Real food, gluten-free meals, and eclectic music!
My memory is not always the best. I often hear people reminiscing with such detail about their past – details that I can never muster from my foggy brain. What they wore on their first day of school, their thoughts on the first time they saw the ocean, where they were when they first heard Stairway to Heaven. I can’t remember that stuff! What I can remember is every time that I have had Honey Walnut Shrimp. The first time was in San Francisco in the 80’s with my friend Cynthia, before we set off on our grand camping trip through Napa Valley and Yosemite. The last time was also in California, with James on our 2nd honeymoon trip through the Russian River Valley. Those delicate, crispy-fried shrimp, tossed in a creamy sauce, lightly sweet with honey, and topped with crunchy candied walnuts… I had never had such a sublime dish in a Chinese restaurant back home. Nor could I find it anywhere nearby…until now! Once I got over that fear of frying, this wonderful treat is now available in my own kitchen.
I adapted this recipe from Chinese Honey Walnut Shrimp found at Use Real Butter, but it is originally from Easy Chinese Recipes by Bee Yinn Low. The main change I made was to use far less sugary walnuts. Instead of glazing the walnuts in syrup, I toasted them, then tossed them in a butter and coconut palm sugar mixture, with a little rosemary and sea salt thrown in to make them more savory (nut recipe adapted from marthastewart.com). I also replaced the cornstarch coating on the shrimp with tapioca starch.
We enjoyed these shrimp with a side of roasted broccoli. It made a fantastic celebratory New Year’s Eve / Wedding Anniversary dinner. (Note: Goes well with champagne!)
Ingredients (generously serves 2)
Candied Rosemary Walnuts (makes 3 cups, store leftovers in sealed jar)
To prepare the walnuts: Preheat oven to 350F. Spread the walnuts on a baking sheet in a single layer and roast in the oven for 10-15 minutes. Remove from oven and set aside. In a large skillet, melt the butter. Stir in the coconut palm sugar, honey, and rosemary until well blended and the butter is foamy. Add the walnuts and cook over medium-high heat, tossing continuously, until the walnuts are well-glazed with the sugar mixture (3-4 minutes), being careful not to burn the walnuts. Spread the walnuts back out on a parchment paper-lined baking sheet to cool. Sprinkle with sea salt while hot. Toss them around occasionally to keep them from sticking together. The sugar-glaze will harden and will not be sticky when they are cool.
Thirty minutes before cooking the shrimp, mix the egg white with the salt in a medium-sized bowl. Rinse the shrimp and dry with paper toweling. Add the shrimp to the egg whites and allow to marinate, stirring occasionally.
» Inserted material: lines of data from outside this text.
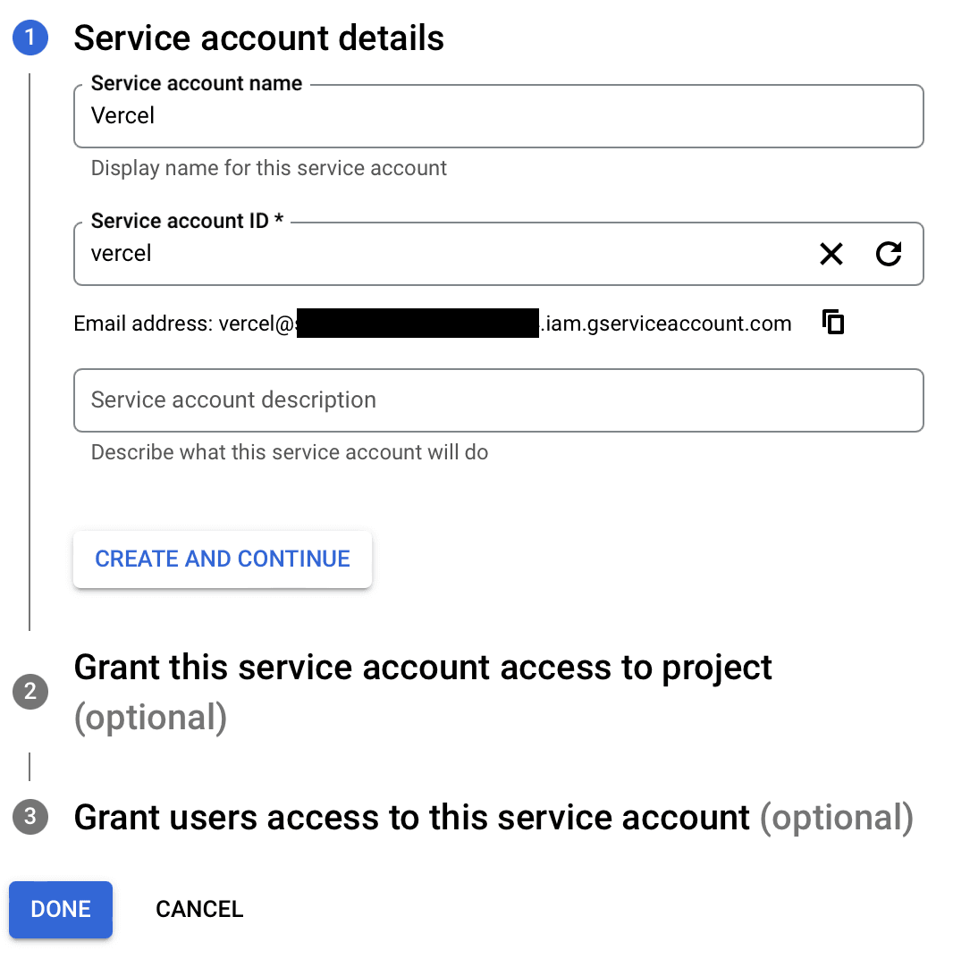 2. Enter an ID for the service account, e.g. and click Create and continue.
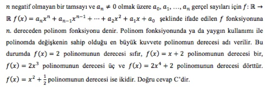 Aşağıdakilerden hangisi ikinci dereceden bir polinom fonksiyonudur?
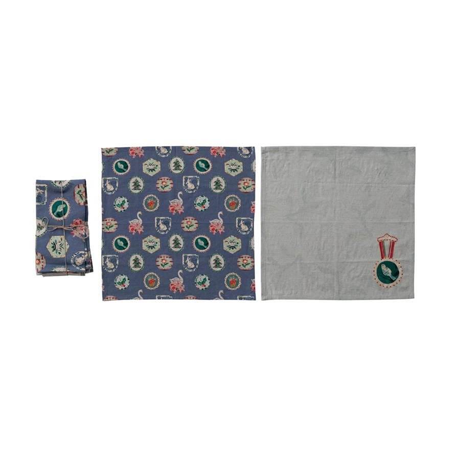 Cotton & Linen Printed Napkins with Pattern/Medal, Set of 4 Tied with Jute ©
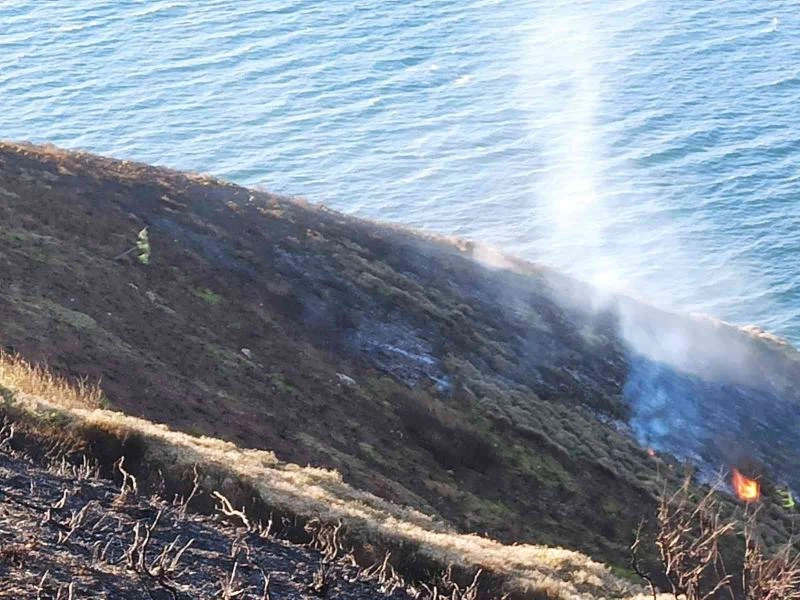 Balıkesir’in Bandırma İlçesinde iki noktada çıkan yangında 3 buçuk dekarlık çalılık ve otluk alan yanarak kül oldu.

Prepare the sauce by mixing the dressing ingredients together in a small bowl. Set aside. Put about a cup of the tapioca starch in another small bowl for dredging the shrimp.
Prepare a cooling rack over paper towels for draining the shrimp. Heat 2 to 3 inches of oil in a heavy pan to 350F. Working in small batches (6-8 shrimp, depending on the size of your pan), dredge the shrimp individually in the tapioca starch, shaking off the excess, and drop carefully into the hot oil. Fry until the shrimp are crisp and starting to brown (about 4 minutes).
Maintain the oil temperature at 350-375F. Scoop the shrimp out with a strainer and place on the cooling rack. Repeat for each batch until done.
Place the crispy shrimp in a large bowl. Toss with the dressing until glossy and well-coated. (You may not need all the dressing.) Serve with the candied walnuts over the shrimp. Enjoy!
Truly a meal fit for an anniversary…and the first post of the new year! Going to start off our “menu music” with a couple from one of my favorite musicians, Collin Walcott. A founding member of Oregon, he sadly died far too soon in a car crash while on tour, but not before released a body of work that married his sitar and tablas with improvisational attitudes of the West. First was his first solo record, Cloud Dance. Walcott is joined here by guitarist John Abercrombie, Dave Holland on bass, and legendary drummer Jack DeJohnette. Together they create an entire library of new music, expanding the reach of both ancient Eastern sounds as well as the jazz of the west. Incredible!
Equally incredible was Codona, one of the first world music/jazz supergroups, which found Walcott playing with trumpeter Don Cherry and the great Nana Vasconcelos. Simply indescribable, the box set Codona Trilogy collects all of their recorded work, and you really haven’t heard anything like it. Trust me, any group that somehow manages to make a piece from two Ornette Coleman tunes coupled with Stevie Wonder’s “Sir Duke” is beyond compare. Enjoy!